Accurate Table Question Answering with Accessible LLMs

Introduction

Table Question Answering (TQA) is a task that aims to provide accurate answers to natural language questions based on the content of a given (database) table. While state-of-the-art solutions often leverage powerful, proprietary Large Language Models (LLMs), their high cost and the need to send potentially sensitive data to external APIs can be significant barriers. This project focuses on making high-quality TQA accessible to a broader audience by using smaller, open-weight LLMs that can run on local machines.

Existing methods struggle when paired with these smaller LLMs because they often rely on long, complex prompts that are beyond the capabilities of these models. To address this, we introduce Orchestra, a novel multi-agent approach.

The Orchestra Framework

The core idea of Orchestra is to break down the complex TQA process into simpler, manageable sub-tasks, each handled by a specialized LLM agent. This is analogous to how an orchestra coordinates different instruments to create a harmonious piece of music. By decomposing the workflow, we significantly reduce the complexity of the prompts each agent receives, thereby improving the reliability of their outputs.

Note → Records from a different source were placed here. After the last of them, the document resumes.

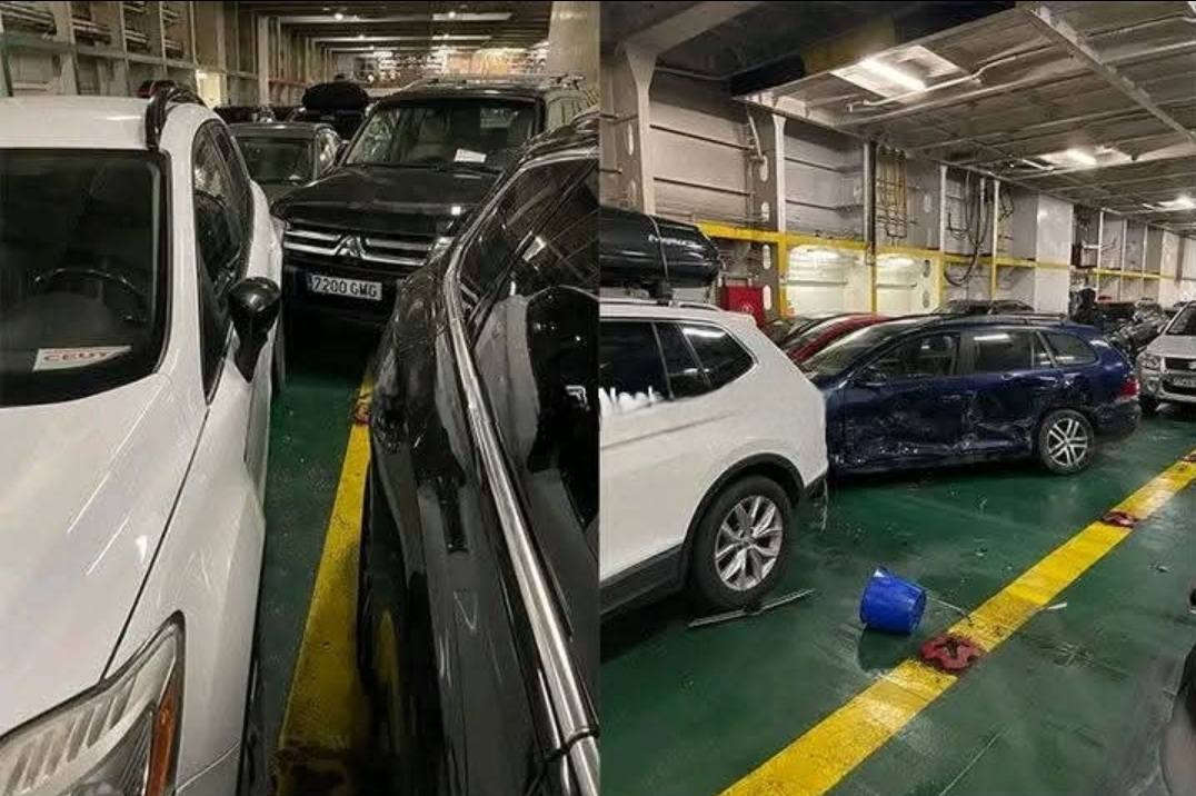 وكشفت معطيات متطابقة أن قوة الرياح وعلو الأمواج أفقدا الباخرة توازنها أثناء الإبحار، وهو ما تسبّب في تصادم عنيف بين السيارات المركونة بالطابق السفلي، مخلفًا أضرارًا مادية جسيمة بعدد من العربات، كما تُظهر ذلك الصور المتداولة للحادث.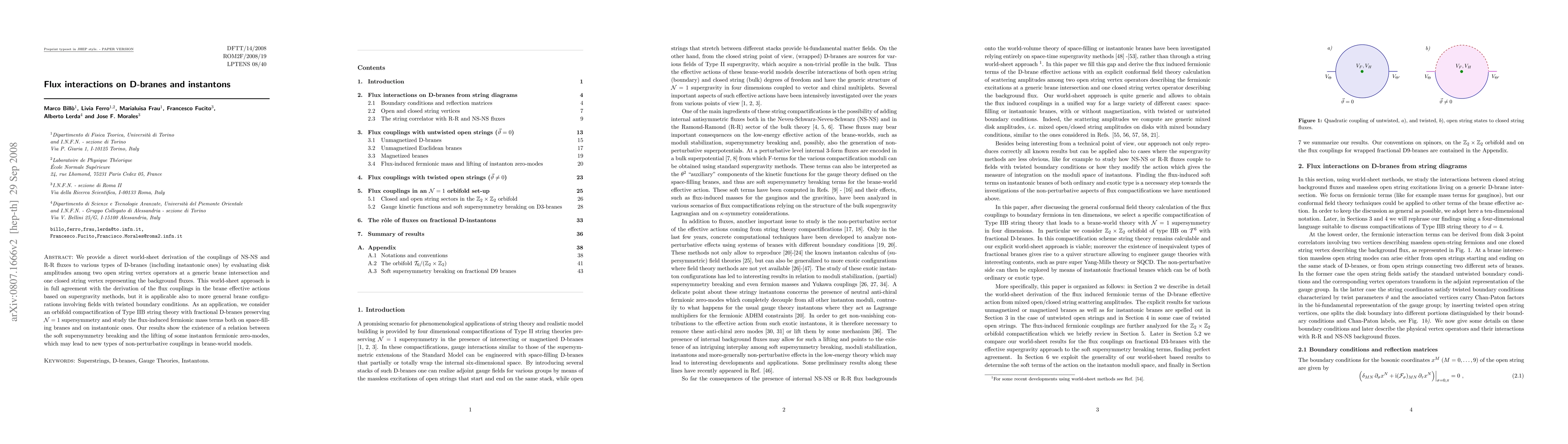 This paper derives the couplings of NS-NS and R-R fluxes to various D-branes via a world-sheet approach, showing agreement with supergravity methods and applicability to twisted boundary conditions. It investigates flux-induced fermionic mass terms in orbifold compactifications, revealing a link between soft SUSY breaking and instanton zero-modes.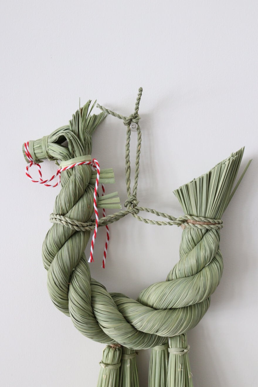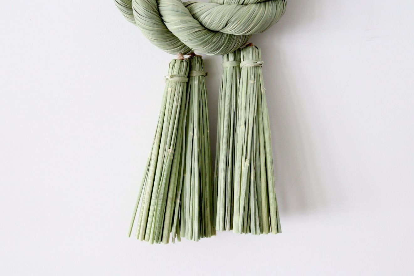 しめ飾りには稲穂が実る前の初夏に刈った青わらを使用しています。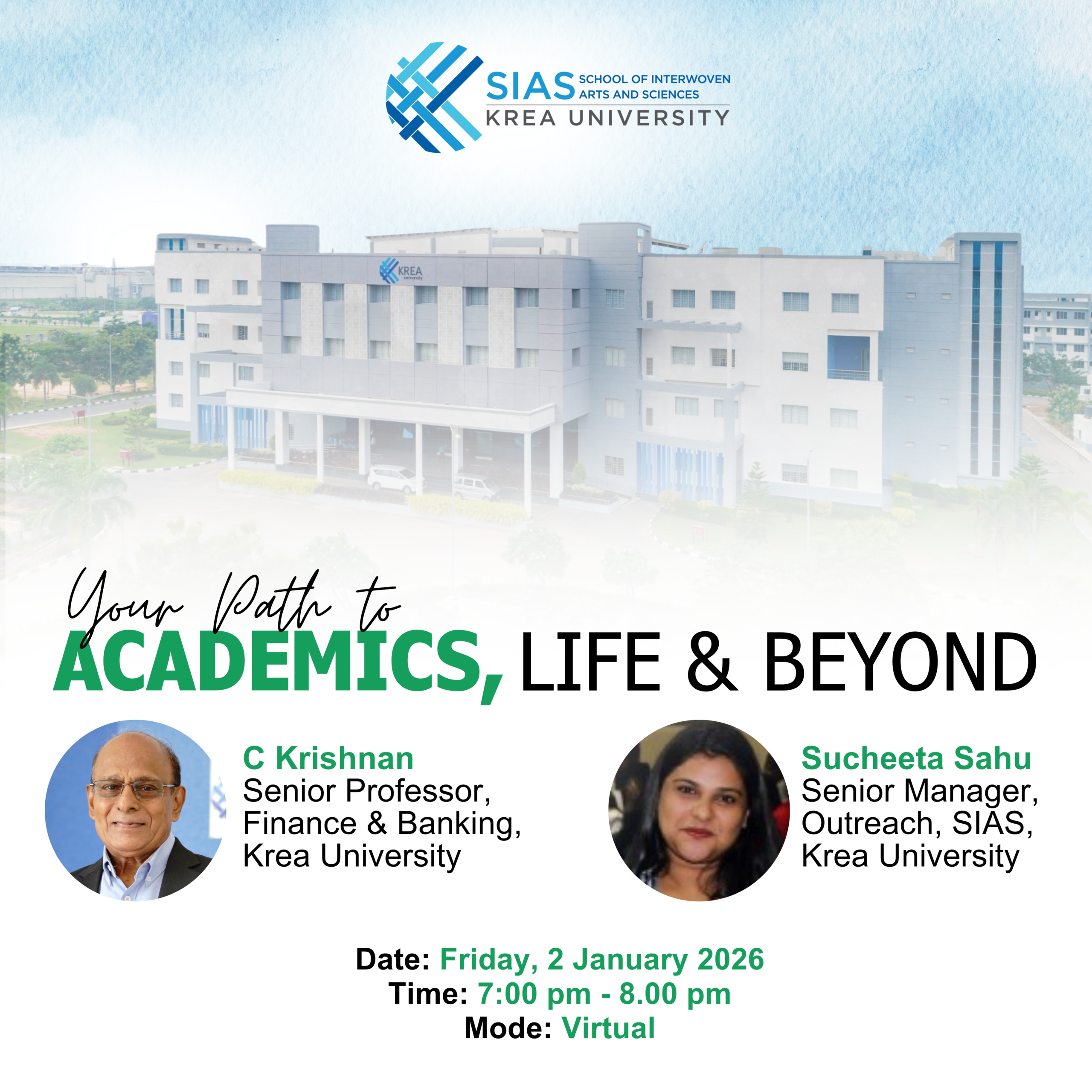 The session will feature insights from senior faculty member and the admissions team. Ask questions, address your concerns, and get a clear overview of what awaits you at SIAS, Krea University.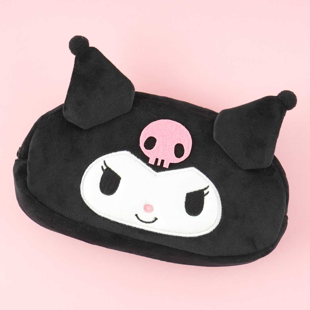This roomy Kuromi face pouch is made from soft material and has pop-out pointy ears! Place your favorite lipsticks, blushes, and other makeup inside.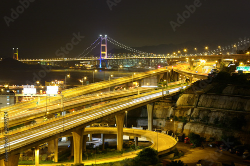 © leungchopan, Fototapeta premium freeway and bridge at night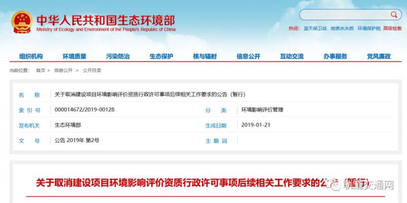 一、自本公告發布之日起,《建設項目環境影響評價資質管理辦法》(環境保護部令第36號,以下簡稱36號令)停止執行;《關于發布〈建設項目環境影響評價資質管理辦法〉配套文件的公告》(環境保護部公告2015年第67號)即行廢止。自2018年12月29日起,我部已不再受理建設項目環境影響評價資質申請,已受理但尚未完成審查的申請事項不再繼續審查;我部環境影響評價工程師從業情況信息管理系統已不再接收申報材料,已接收申報材料但尚未核發登記編號的,不再核發。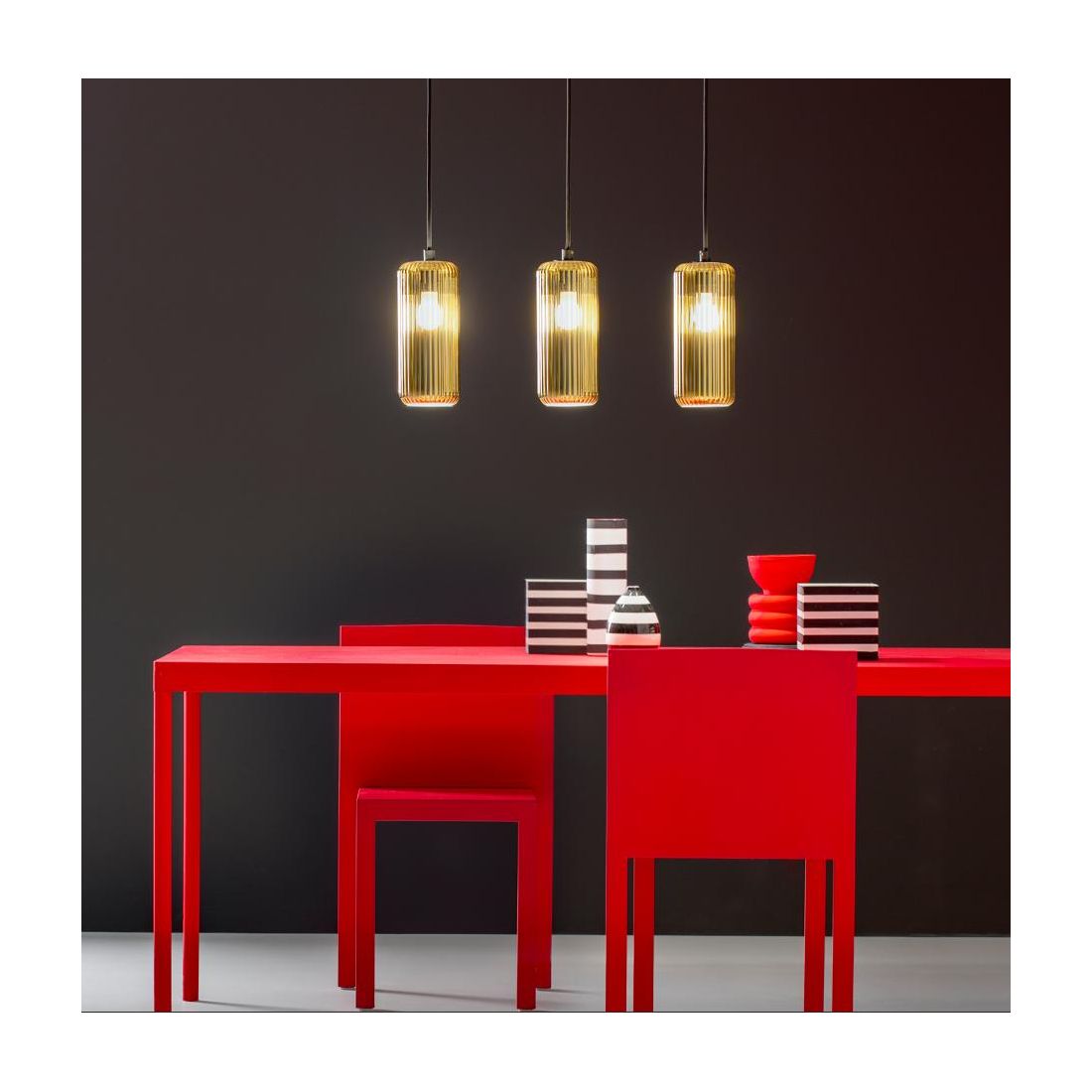 RAIKA SOSPENSIONE RETTANGOLARE CON DECENTRO 3 DIFFUSORI IN VETRO RIGATO COLORATO...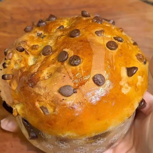 - Desgasificar, poner en la mesada y dividir en 3 partes iguales. Estirar cada trozo con las manos y esparcir los chips de chocolate + los chips de Manjar (optativos) y plegar la masa para ir incorporando con movimientos suaves formando una bola con los chips en su interior.

Our framework consists of three main agents:

Logic Agent: This agent is responsible for the high-level logical reasoning. It analyzes the user's question and the available data to decide what steps are needed to arrive at the answer.
Query Agent: This agent handles the technical task of interacting with the data. It takes instructions from the Logic Agent and generates the necessary SQL queries or Python code to extract the required information from the table.
Decision Agent: After the main reasoning is complete, this agent takes the refined context and formulates the final, precise answer to the question.

Figure 1: An illustration of the interaction between the Logic and Query agents in the Orchestra framework. The Logic Agent determines the reasoning step, the Query Agent executes it by generating code, and the processed data is fed back into the system.

This structured, layered workflow ensures that each agent focuses on a task that is well within its capabilities. The agents interact strategically to maintain consistency and mitigate errors, leading to a more robust and accurate TQA process.

Results and Performance

We conducted extensive experiments on several TQA benchmarks. The results demonstrate that Orchestra significantly enhances the performance of open-weight LLMs. For instance, when using the Qwen-14B model, Orchestra achieved a test accuracy of 72.1% on the WikiTQ benchmark, a substantial improvement over other frameworks and approaching the performance of much larger proprietary models like GPT-4.

Performance comparison on WikiTQ and TabFact benchmarks

Figure 2: Performance comparison showing Orchestra (with decision agent) consistently outperforming the baseline (ReAcTable) and a simpler two-agent system across various LLMs on the WikiTQ and TabFact benchmarks.

Furthermore, when paired with larger open-weight models, Orchestra not only matches but often surpasses the best prior results, establishing new state-of-the-art performance on all tested benchmarks.